Provided records:

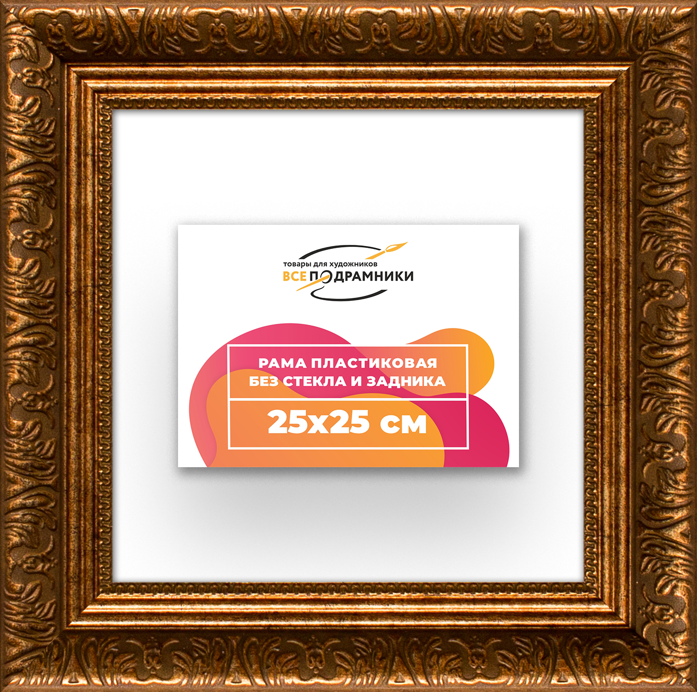 Пластиковая рама 25x25 без стекла и задника Пластиковая рама без стекла и задника изготовлена из безопасного и экологически чистого первичного полистирола высшей категории. Производитель: “ВсеПодрамники”. Для удобства установки к стандартному размеру добавлено 4 мм (по 2 мм с каждой стороны), чтобы ваше изделие легко поместилось в раму. 1. Основные характеристики: - Размеры рамки: 25x25 (по размеру помещаемого изображения) - Габариты изделия: 35.0x35.0 см. - Цвет: коричневый - Профиль: классический - Сечение рамы: 55x36 мм - Ширина четверти: 7 мм - Высота четверти: 10 мм 2. Комплектация: - Подвесная пластина – 2 шт. - Прижимы для подрамника - Винты 3. Назначение: - Подходит для оформления: • Картин, включая картины по номерам • Алмазных мозаик и вышивок крестом • Постеров, фотографий, икон • Паспарту, зеркал • Вышивки бисером и алмазной мозаики • Медалей, орденов, спортивных наград • Старинных часов, ключей, монет или украшений - Используется как настенная или настольная фоторамка (нет подставки) 4. Преимущества: - Универсальность: квадратные и прямоугольные форматы, размеры от 10х10 до 100х100 см - Удобство: можно повесить горизонтально или вертикально - Широкий выбор: разные профили, расцветки, с опцией со стеклом или без - Идеальный подарок: для мамы, папы, бабушки, дедушки, друзей, коллег на день рождения, Новый год, 8 марта, 23 февраля, свадьбу, новоселье или любой другой праздник 5. Применение в интерьере: - Идеально для алмазной вышивки, мозаики, картин на подрамнике - Украшение дома: подходит для изображений цветов, живописи, портретов, натюрмортов, городских пейзажей, природы 6. Производство: - Страна: Россия, Санкт-Петербург - Качество: высококачественные материалы с вниманием к деталям
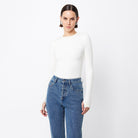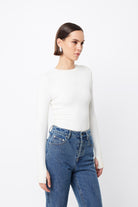 The Brooklyn Top in white is your new go to ribbed jersey piece. This extremely soft double layered, lightweight top features a high round neckline and long sleeves with thumb openings. The top is conveniently designed to be paired with existing pieces in your wardrobe.
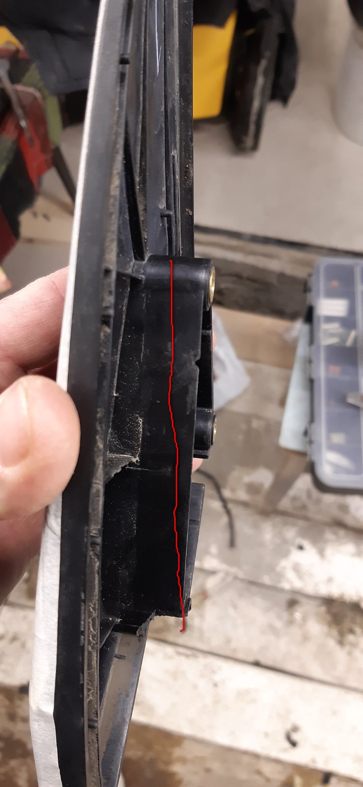 дополняю свой пост про зеркала .Зеркала от Rav4 ХА20 2001-2005 гг снимаем обшивку и старое зеркало, снимаем резинку с нового зеркала прикладываем её на место старого зеркала, размечаем места новых отверстий, теперь берём само зеркало прикручиваем к двери отмечаем что нам не нужно и обтачиваем, кант по двери и площадку с креплением (примерно как я нарисовал красным) дальше обклеиваем кромку двери моляркай и наносим шпаклёвку для придания формы двери, подмазываем стекло пока зазор не устроит.Провода на регулировку я достал из фишек поменял местами, подогрев я делал раньше мне только подключить нужно было. Вот и все ездим радуемся. Зеркала у меня были от леворульной
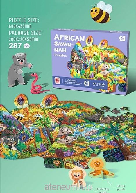 zestaw puzzli 287 części, afrykańska sawanna, obrazek 60x43,3cm; 28x22x5,5cm, Box
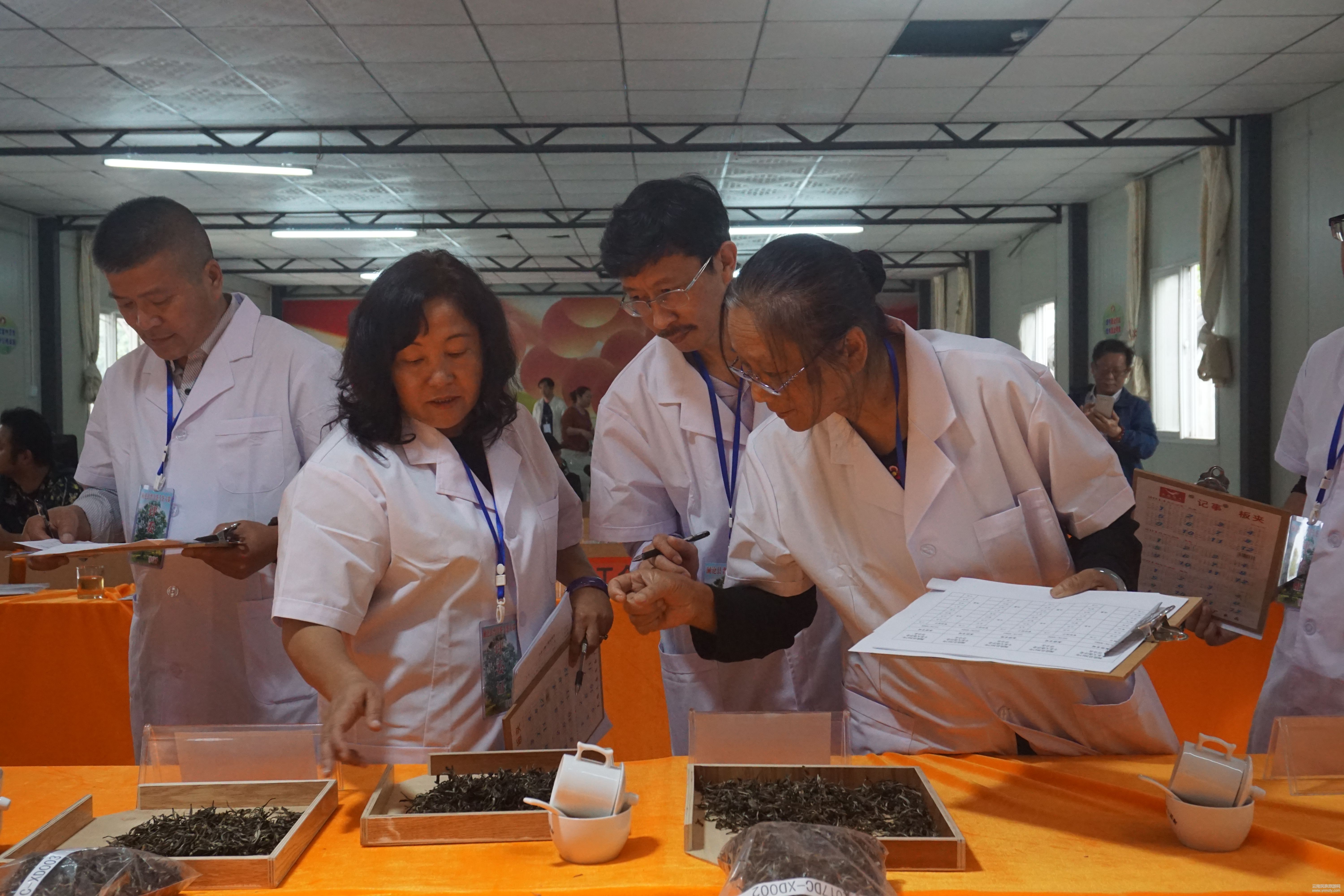 (評審組專家對選送茶樣進行認(rèn)真評審打分)

Task instructions:
Set the pictures aside and restate word for word only the lines from the line containing "zestaw puzzli 287" through the end of the entries above, both included.

Task answer:
 zestaw puzzli 287 części, afrykańska sawanna, obrazek 60x43,3cm; 28x22x5,5cm, Box
 (評審組專家對選送茶樣進行認(rèn)真評審打分)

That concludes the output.